How to create habits that change your life

Habits. Those nerve-racking gremlins that function automatically like an organ. Those stubborn little suckers that either make or brake you. Those little devils that, with great effort, can be trained to obey your every command.

You want to lose weight? Run a marathon? Read more books? Wake up earlier? Be more productive?

The key is a thing called momentum. In physics, momentum equals mass times velocity - it can be envisioned as how hard it would be to bring the considered object into a halt. An object with a lot of momentum requires a lot of energy to stop. An object with little momentum can be stopped easily.

In creating habits, you want them to have as much momentum as possible - you want them to go on by themselves with that momentum so you can focus on other things as well. You want them to happen automatically, with no thought or willpower used. To do this and get the snowball rolling, here are my five most important tips.

  1. If the habit is something you must do physically, do it the first thing in the morning. Creating habits requires a lot of willpower in the beginning and your willpower will be full right after you wake up.

  2. Do it every day. Not three or four times a week - every day, and preferably the same time and the same place. This way you're teaching your subconscious that this is the new way of life. It'll adjust, I promise.

  3. All things are difficult before they are easy. The newborn habit is like a vulnerable little seedling - you need to water it and give it fertiliser and make sure no one, even you, steps on it. After it's grown a while it'll be more resilient and easier to maintain. So make sure you get it done and don't let anyone or anything stop you from doing it. Try to see through all justifications and distractions. This might also mean establishing only one habit at a time - trying to establish multiple habits may overload your mind (not to mention willpower) and cause you to self-sabotage the project.

  4. Make it difficult not to do the thing you want to turn into a habit. For example, when I wanted to start to go to the gym more often, I picked a gym that was in a location such that not going to the gym required getting off the bus. It was easier to sit still, comfortably, when the bus passed my stop - until the bus reached the gym stop, at which point I had to get off not to end up some part of the city I didn't know. It worked out beautifully. What a hack.
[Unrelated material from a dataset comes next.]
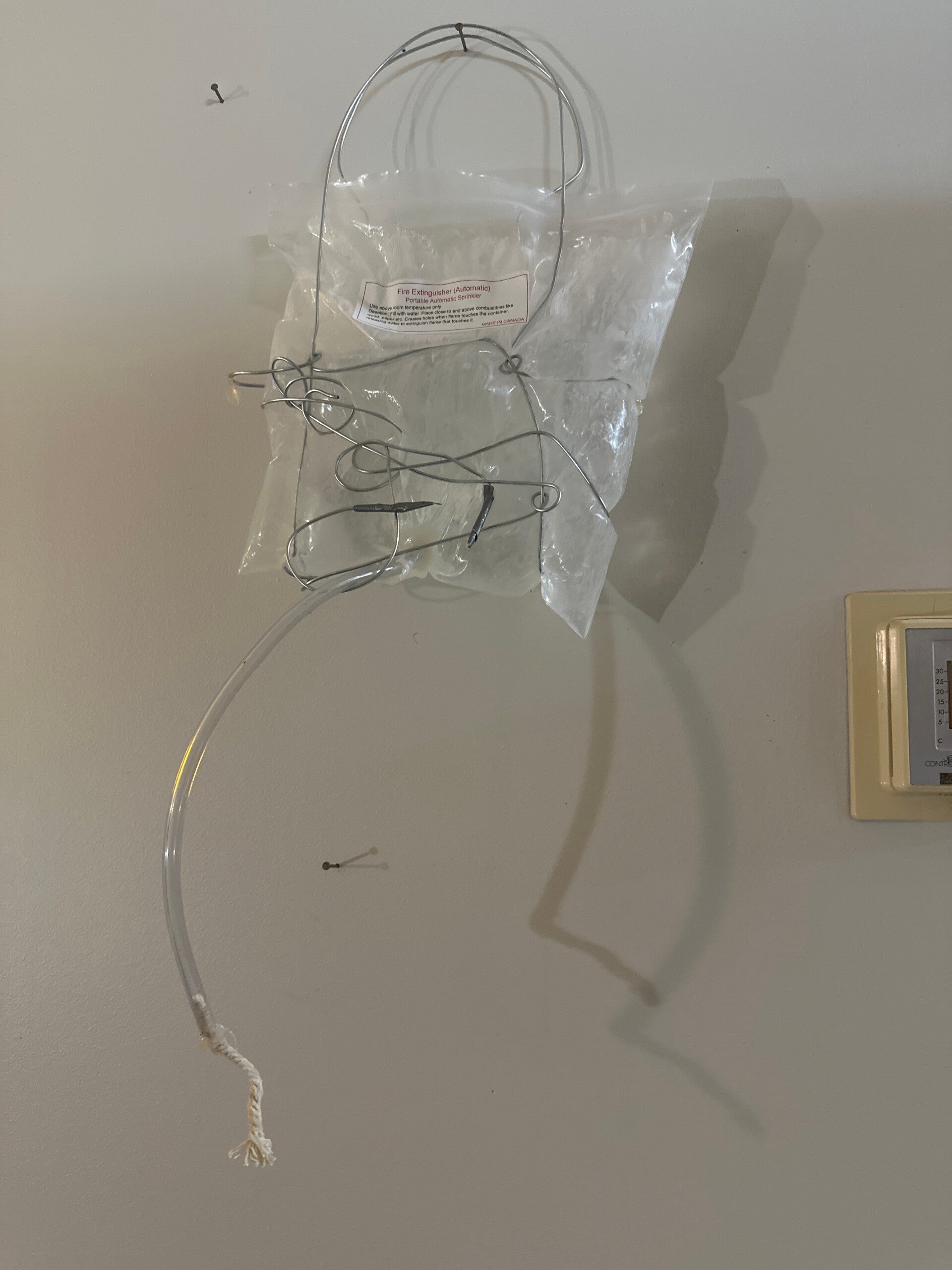 Portable Automatic Fire 🔥 Extinguisher, releases water when fire 🔥 touches the bag to extinguish the fire 🔥 that touches it , plus a fire 🔥 hose is attached to the water bag to extinguish fires 🔥 inside the wall by drilling a small hole 🕳️ into wall inserting the fire hose to extinguish fire 🔥 inside the wall which fire crews has difficulty reaching with their hoses , just hang it on a nail around your house and can even be placed in the attic to secure wooden structures of the roof and ceiling! Just fill the bag with clean tap water and the portable automatic fire extinguisher will do its job like an AI 🤖.

  5. Charles Duhigg's book 'The Power of Habit', while sounding like gladwellian jabber at times and turning into mashed potatoes after part one, has one thing down right: the importance of the cue-routine-reward cycle in habit creation. To effectively establish a habit, you should have a cue - something you do to trigger you mind into thinking it's time to do the action, like smelling a specific scent. Then comes routine, the thing you want to turn into a habit. After the routine, right after, you have the reward - something that signals you brain what you did was worth it, something that eventually tricks your brain into thinking the habit is pleasurable (when it's really thinking it's the only way to get the pleasurable reward), like listening to music of having a sweet - anything that you enjoy.

It might be difficult in the beginning. It usually is, very hard even. But it'll become so easy you won't believe it once the momentum kicks in. You just have to hang tight until then.